If you’re considering buying your first home soon, then you’re likely a little daunted by what lies ahead. When you understand a few fundamentals about the home buying process, however, buying a home need not be something you harbor anxiety over. Here are some basic financial things that you should know before you go out and buy your first home.


20% Is an Ideal Down Payment


There are a number of reasons that putting 20% down on a home is advantageous. First, it’s instant equity, and it makes you a more appealing home buyer to mortgage lenders. Second, you’re more likely to secure a lower interest rate. Third, you won’t need to take out quite as much on loan. And fourth, you can avoid paying mortgage insurance (more on that below).

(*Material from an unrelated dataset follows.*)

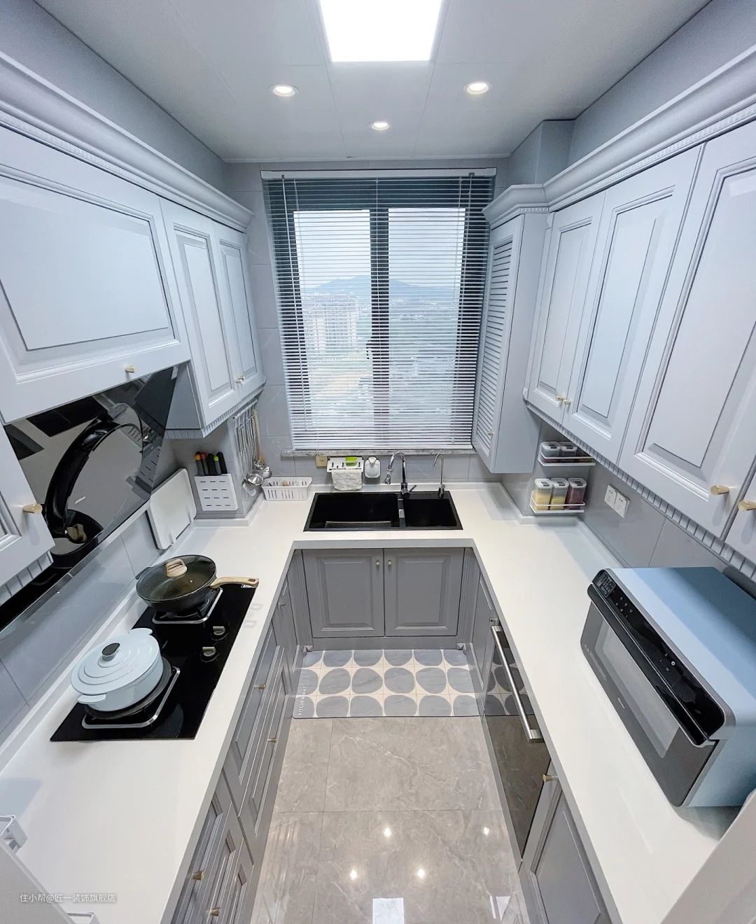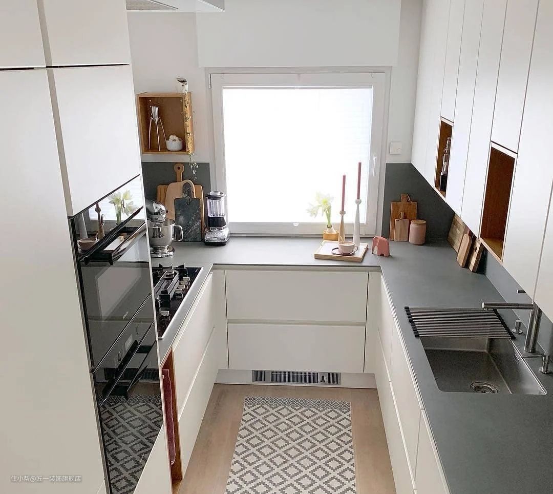 橱柜覆盖三面墙,最大限度地增加台面空间。洗涤、烹饪、操作、贮藏功能划分明确,还可以多人共同操作。注意灶台面的前后需要挡水条,橱柜下方收纳尽可能做部分抽屉,可以放勺子,叉子,还有零碎的东西。

Down Payments Are A Wise Investment


On a related note, it’s important to consider why putting your money toward a down payment might be better than, say, going with a zero-down loan and investing the money you would have spent on a down payment. The benefits mentioned above should give you an idea. Moreover, if you were to invest your down payment instead, you’re more likely to lose it in stock market fluctuations. Because of this, down payments can end up being some of the wisest investments you make.

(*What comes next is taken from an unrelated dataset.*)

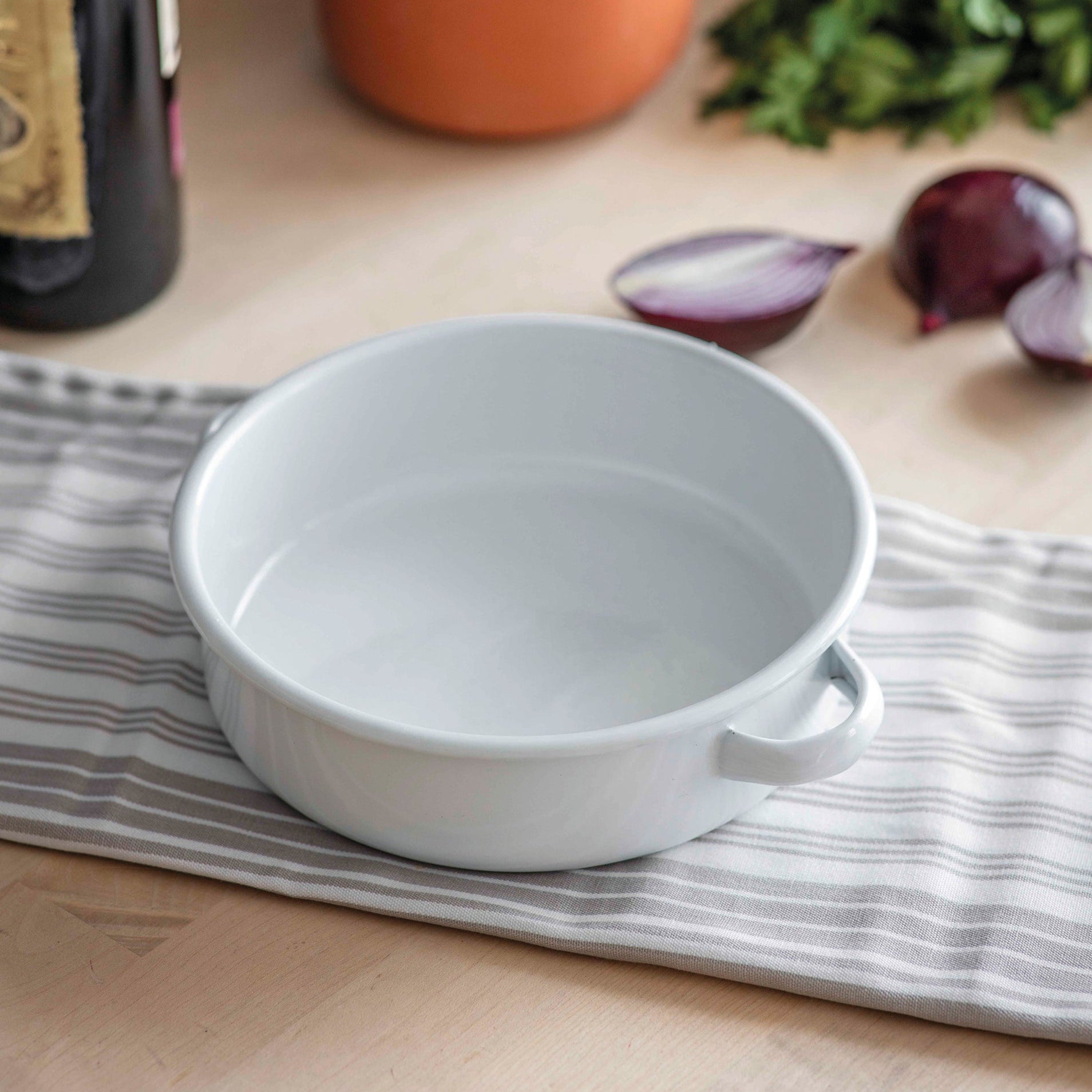 The colder months call for hearty homemade meals served to the table for all to enjoy. A generous portion for one or for two to share, this Pie Dish is made from timeless white enamel complete with two handles for easy carrying.

Don’t Forget to Budget for Mortgage Insurance


In fact, if you’re planning on putting anything less than 20% down on your home, you should assume that you’ll be paying for mortgage insurance. Mortgage insurance essentially exists to allow homebuyers to put down less than 20% on a home; it helps to offset losses if for some reason a homeowner is unable to repay the mortgage loan. Mortgage insurance typically costs about $55 per month per $100,000 financed, but it can cost much more.


Spend Less Than You Qualify For


Coming down in price will generally give you more options on the market, and it will grant you precious freedom later as you seek to make upgrades to your home.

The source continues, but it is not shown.